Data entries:
--- START ---

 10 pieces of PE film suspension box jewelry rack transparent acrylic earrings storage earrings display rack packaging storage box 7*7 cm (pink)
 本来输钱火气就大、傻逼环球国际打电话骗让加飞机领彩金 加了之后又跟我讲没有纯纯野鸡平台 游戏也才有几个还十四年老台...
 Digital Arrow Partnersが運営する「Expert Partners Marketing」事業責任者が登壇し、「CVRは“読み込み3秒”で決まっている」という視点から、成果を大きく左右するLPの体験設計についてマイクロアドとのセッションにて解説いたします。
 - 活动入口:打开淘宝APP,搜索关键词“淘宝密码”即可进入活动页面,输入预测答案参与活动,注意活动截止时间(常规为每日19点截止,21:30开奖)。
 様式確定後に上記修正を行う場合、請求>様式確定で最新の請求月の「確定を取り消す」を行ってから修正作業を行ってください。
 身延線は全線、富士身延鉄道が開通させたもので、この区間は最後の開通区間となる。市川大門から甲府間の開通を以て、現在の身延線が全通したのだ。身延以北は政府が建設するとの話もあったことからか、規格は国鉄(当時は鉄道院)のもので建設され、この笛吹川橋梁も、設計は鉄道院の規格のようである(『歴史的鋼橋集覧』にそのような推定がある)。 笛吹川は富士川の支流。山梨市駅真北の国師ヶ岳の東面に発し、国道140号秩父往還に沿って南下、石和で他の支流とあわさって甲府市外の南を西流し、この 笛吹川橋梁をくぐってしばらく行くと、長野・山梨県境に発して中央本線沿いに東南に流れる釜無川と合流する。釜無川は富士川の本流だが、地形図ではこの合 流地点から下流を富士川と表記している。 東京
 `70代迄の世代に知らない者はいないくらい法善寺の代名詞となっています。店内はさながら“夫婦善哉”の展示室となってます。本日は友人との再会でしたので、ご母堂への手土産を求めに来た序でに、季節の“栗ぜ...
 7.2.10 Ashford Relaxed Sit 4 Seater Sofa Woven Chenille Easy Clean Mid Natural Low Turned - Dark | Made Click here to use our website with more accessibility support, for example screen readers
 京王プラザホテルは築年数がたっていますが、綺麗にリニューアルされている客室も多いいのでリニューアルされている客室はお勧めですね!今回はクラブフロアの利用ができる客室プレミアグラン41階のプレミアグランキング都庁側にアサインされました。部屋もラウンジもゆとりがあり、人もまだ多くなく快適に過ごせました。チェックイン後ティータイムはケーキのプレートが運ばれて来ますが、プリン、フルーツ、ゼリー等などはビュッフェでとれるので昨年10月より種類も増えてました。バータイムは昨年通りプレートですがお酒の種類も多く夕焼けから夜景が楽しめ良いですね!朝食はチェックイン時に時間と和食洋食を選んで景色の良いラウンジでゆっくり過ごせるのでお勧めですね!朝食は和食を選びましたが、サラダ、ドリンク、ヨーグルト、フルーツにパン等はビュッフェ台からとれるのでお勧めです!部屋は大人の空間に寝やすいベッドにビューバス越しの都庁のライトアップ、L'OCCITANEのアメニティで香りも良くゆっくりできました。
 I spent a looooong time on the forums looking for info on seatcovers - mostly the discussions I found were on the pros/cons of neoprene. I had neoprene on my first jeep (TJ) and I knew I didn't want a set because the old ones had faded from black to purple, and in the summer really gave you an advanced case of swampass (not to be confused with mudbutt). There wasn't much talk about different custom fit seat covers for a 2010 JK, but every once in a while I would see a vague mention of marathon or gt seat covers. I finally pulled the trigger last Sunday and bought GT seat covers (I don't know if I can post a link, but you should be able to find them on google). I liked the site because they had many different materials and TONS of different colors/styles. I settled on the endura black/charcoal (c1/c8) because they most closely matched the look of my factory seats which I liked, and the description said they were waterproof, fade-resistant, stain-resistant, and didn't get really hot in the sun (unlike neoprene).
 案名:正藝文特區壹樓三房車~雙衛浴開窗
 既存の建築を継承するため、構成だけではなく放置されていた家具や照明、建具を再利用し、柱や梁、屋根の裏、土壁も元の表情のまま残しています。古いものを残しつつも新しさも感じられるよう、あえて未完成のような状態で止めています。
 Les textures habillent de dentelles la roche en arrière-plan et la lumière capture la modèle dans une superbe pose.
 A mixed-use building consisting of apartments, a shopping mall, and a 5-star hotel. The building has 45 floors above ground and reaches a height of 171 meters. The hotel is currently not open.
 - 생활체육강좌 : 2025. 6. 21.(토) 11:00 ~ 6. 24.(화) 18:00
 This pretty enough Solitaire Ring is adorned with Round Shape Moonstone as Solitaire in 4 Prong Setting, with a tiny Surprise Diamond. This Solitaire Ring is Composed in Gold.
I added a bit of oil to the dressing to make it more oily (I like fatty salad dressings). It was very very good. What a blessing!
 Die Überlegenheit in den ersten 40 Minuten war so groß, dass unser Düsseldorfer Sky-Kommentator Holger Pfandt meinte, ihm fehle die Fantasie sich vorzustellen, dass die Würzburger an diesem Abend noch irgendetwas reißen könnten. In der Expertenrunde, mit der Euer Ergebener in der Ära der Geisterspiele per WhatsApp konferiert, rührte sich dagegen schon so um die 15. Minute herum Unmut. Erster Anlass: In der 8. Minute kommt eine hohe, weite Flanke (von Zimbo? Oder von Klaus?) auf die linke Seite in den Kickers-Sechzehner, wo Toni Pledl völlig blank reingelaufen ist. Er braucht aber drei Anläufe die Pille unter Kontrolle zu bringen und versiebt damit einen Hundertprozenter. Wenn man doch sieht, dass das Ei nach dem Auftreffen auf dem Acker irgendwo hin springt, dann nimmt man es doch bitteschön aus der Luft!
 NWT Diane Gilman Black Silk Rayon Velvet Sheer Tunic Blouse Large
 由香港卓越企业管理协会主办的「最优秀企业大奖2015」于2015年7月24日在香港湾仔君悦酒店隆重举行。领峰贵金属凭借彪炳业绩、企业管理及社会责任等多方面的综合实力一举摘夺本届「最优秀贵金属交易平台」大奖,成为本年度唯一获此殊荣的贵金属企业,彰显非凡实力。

--- END ---

### Work required
The word to find is "with". Copy every line of the records that holds it.

### Result below
 7.2.10 Ashford Relaxed Sit 4 Seater Sofa Woven Chenille Easy Clean Mid Natural Low Turned - Dark | Made Click here to use our website with more accessibility support, for example screen readers
 I spent a looooong time on the forums looking for info on seatcovers - mostly the discussions I found were on the pros/cons of neoprene. I had neoprene on my first jeep (TJ) and I knew I didn't want a set because the old ones had faded from black to purple, and in the summer really gave you an advanced case of swampass (not to be confused with mudbutt). There wasn't much talk about different custom fit seat covers for a 2010 JK, but every once in a while I would see a vague mention of marathon or gt seat covers. I finally pulled the trigger last Sunday and bought GT seat covers (I don't know if I can post a link, but you should be able to find them on google). I liked the site because they had many different materials and TONS of different colors/styles. I settled on the endura black/charcoal (c1/c8) because they most closely matched the look of my factory seats which I liked, and the description said they were waterproof, fade-resistant, stain-resistant, and didn't get really hot in the sun (unlike neoprene).
 This pretty enough Solitaire Ring is adorned with Round Shape Moonstone as Solitaire in 4 Prong Setting, with a tiny Surprise Diamond. This Solitaire Ring is Composed in Gold.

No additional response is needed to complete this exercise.